=== Section Start ===
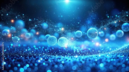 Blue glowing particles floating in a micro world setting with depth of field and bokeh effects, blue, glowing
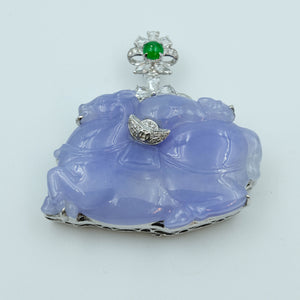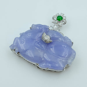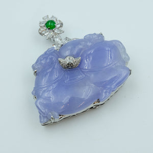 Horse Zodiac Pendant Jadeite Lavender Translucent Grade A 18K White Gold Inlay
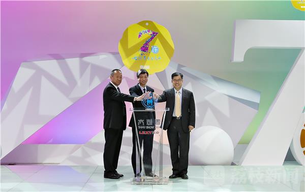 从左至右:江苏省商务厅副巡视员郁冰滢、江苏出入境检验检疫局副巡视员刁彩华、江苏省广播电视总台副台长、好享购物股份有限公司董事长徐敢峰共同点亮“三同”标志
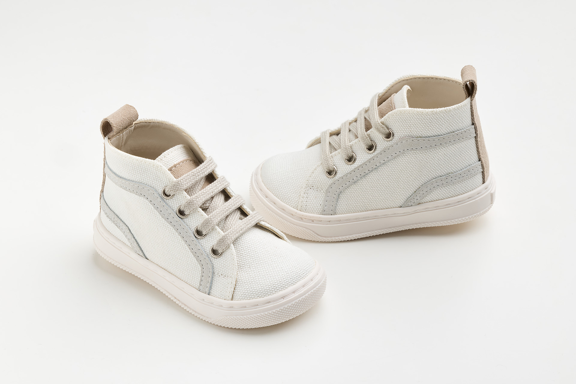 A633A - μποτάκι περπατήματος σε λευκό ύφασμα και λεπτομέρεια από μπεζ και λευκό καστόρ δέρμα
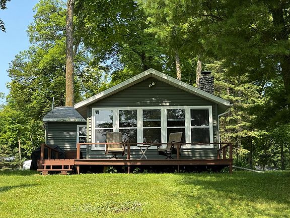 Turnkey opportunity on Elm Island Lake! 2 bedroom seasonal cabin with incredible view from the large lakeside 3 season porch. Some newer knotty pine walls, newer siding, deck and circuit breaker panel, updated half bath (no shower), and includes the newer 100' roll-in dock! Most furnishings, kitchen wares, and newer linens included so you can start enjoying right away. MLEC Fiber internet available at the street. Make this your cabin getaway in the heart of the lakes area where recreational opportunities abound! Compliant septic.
=== Section End ===
=== Section Start ===
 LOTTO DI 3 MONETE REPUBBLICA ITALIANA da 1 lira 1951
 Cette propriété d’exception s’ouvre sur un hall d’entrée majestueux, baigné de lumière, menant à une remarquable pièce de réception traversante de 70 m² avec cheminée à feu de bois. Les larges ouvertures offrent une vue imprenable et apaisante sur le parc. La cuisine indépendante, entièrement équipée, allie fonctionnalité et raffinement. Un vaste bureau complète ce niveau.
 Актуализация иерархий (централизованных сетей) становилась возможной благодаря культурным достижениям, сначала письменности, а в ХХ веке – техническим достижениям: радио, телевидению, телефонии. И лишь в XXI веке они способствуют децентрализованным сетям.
=== Section End ===
TRY IT:
In the listing above, find the line with "从左至右:江苏省商务厅副巡视" and the line with "Turnkey opportunity on". Copy exactly those two and every line between, without the pictures.

SOLVED PROBLEM:
 从左至右:江苏省商务厅副巡视员郁冰滢、江苏出入境检验检疫局副巡视员刁彩华、江苏省广播电视总台副台长、好享购物股份有限公司董事长徐敢峰共同点亮“三同”标志
 A633A - μποτάκι περπατήματος σε λευκό ύφασμα και λεπτομέρεια από μπεζ και λευκό καστόρ δέρμα
 Turnkey opportunity on Elm Island Lake! 2 bedroom seasonal cabin with incredible view from the large lakeside 3 season porch. Some newer knotty pine walls, newer siding, deck and circuit breaker panel, updated half bath (no shower), and includes the newer 100' roll-in dock! Most furnishings, kitchen wares, and newer linens included so you can start enjoying right away. MLEC Fiber internet available at the street. Make this your cabin getaway in the heart of the lakes area where recreational opportunities abound! Compliant septic.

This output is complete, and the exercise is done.